Abstract: Based on wave propagation and modal superposition method, the theoretical model of sound transmission loss (STL) of a double panel structure is built. The model is validated by comparing with the diffuse STL measurements. Through the validated model, the STL properties of window on one of the high-speed train are studied. The effect of key factors on STL are also studied, namely the thickness of glass and air cavity, the damping loss factor of cavity. In order to qualify the STL of different cases, beside the weighted STL, the mass law adjustment according to the standard window are also given, which gives a reference to the lightweight design. Wheel rail noise is one of the main noise sources of high-speed train, in order to evaluate the effect of sound insulation in practice; the field wheel rail area noise is further measured at 250 km/h. The equivalent interior noise based on the STL of windows is introduced. Combine the two qualifying items, it's found that, change the ratio of the thickness of the glass of window is the most effective way to improve the STL of windows. Adding the air cavity and enlarge the damping of the cavity can also improve the STL of windows.

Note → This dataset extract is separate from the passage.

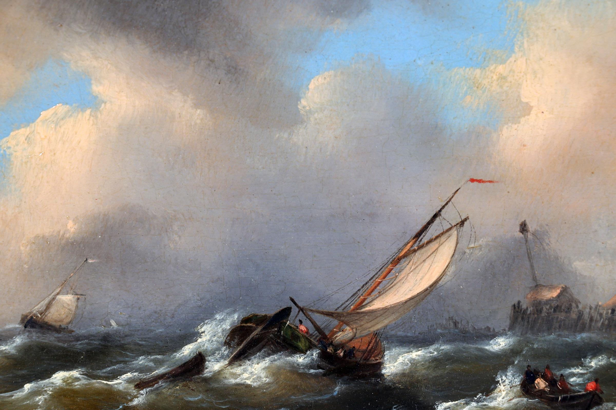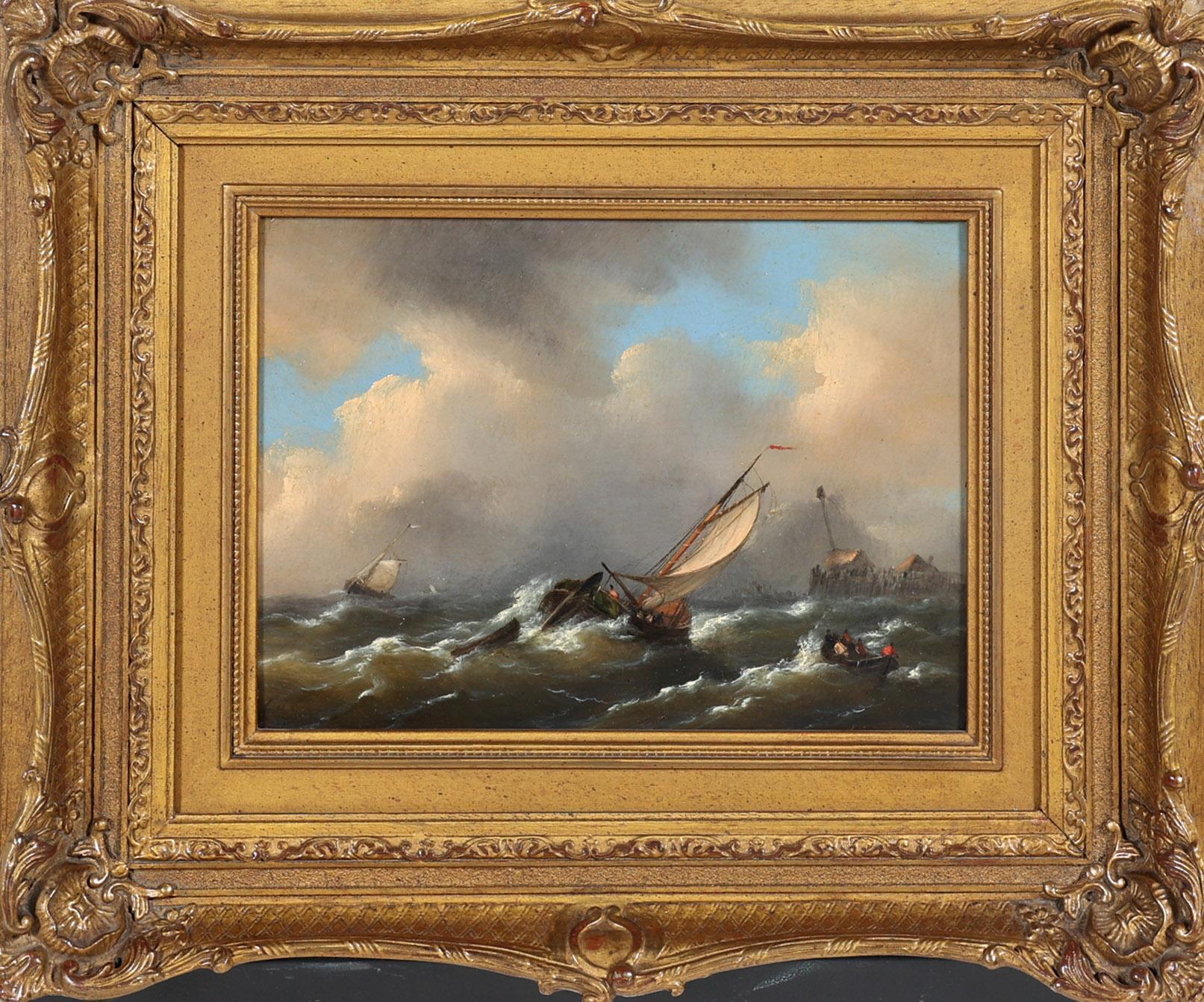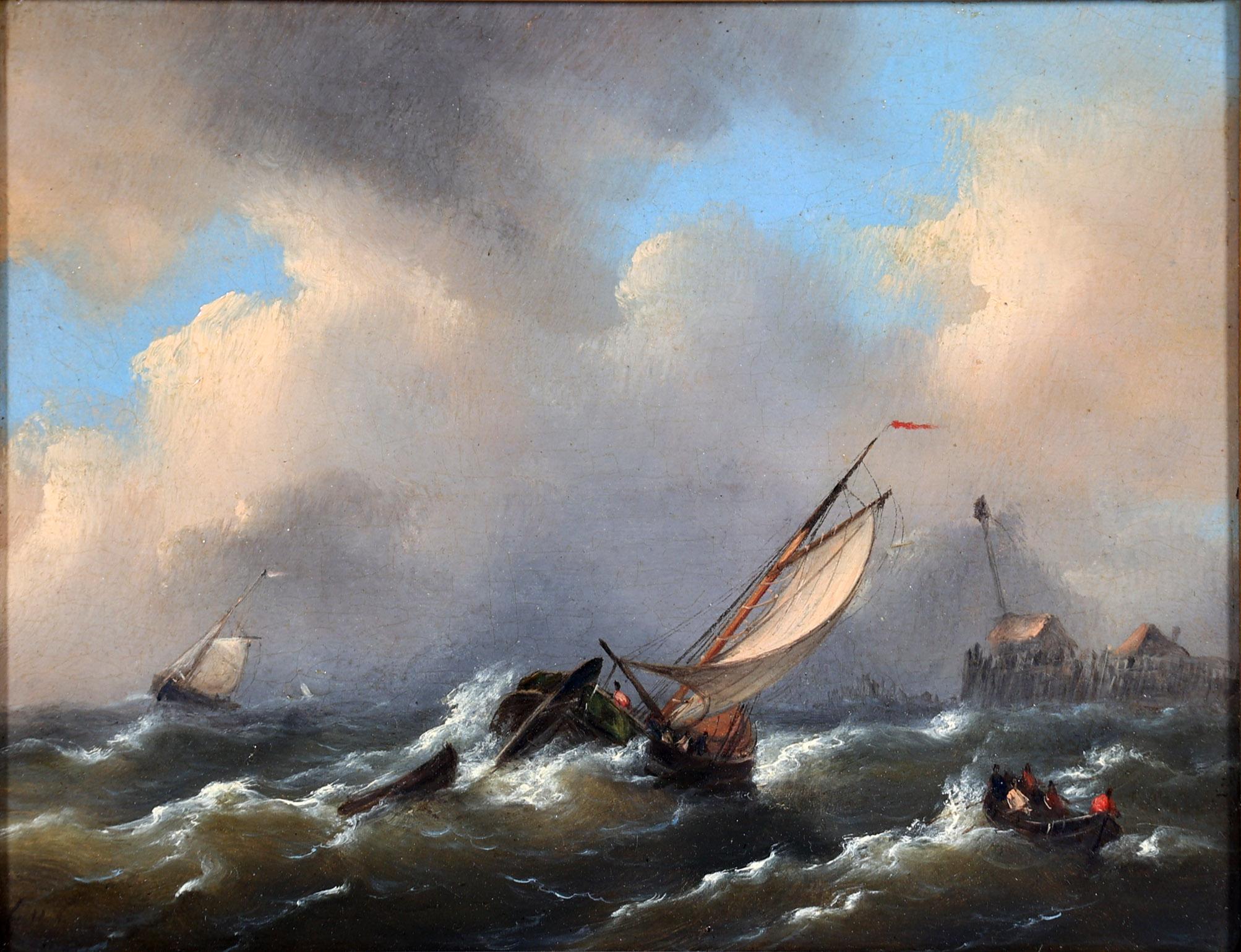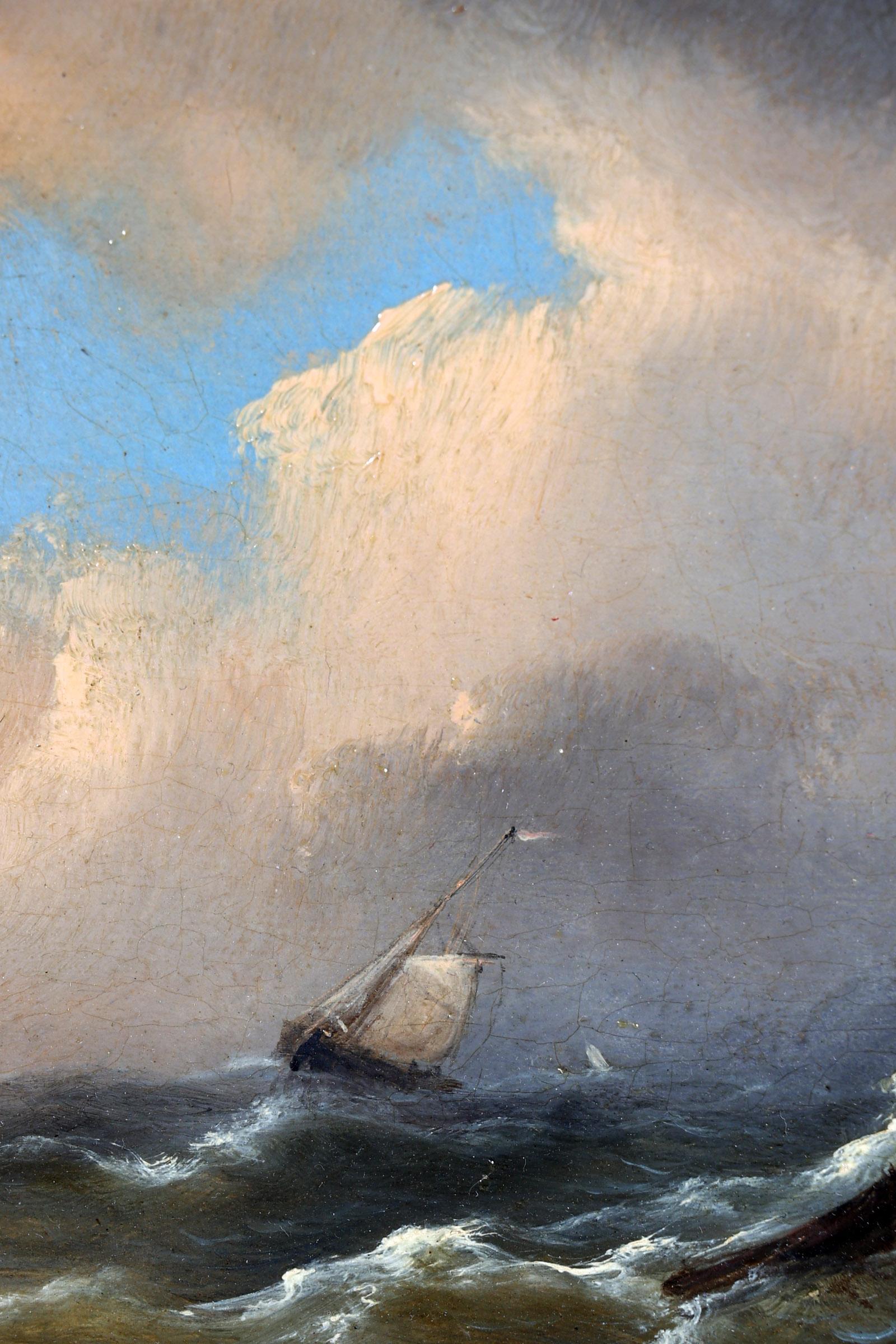 Monogram G. van E. (Govert van Emmerik (1808-1882)), Zeilschepen op de wilde zee voor de kust, olieverf op paneel, 25 x 18 cm., provenance particuliere collectie Nederland

Relative results provide indications for future low noise design of high speed train windows.

Key words: high-speed train, lightweight, low noise design, sound transmission loss, window

CLC Number:

U270

ZHANG Yumei, WANG Ruiqian, LI Ye, LI Ming, WEN Zefeng, XIAO Xinbiao. Study on Sound Transmission Loss of Windows on High Speed Trains[J]. Journal of Mechanical Engineering, 2018, 54(4): 212-221.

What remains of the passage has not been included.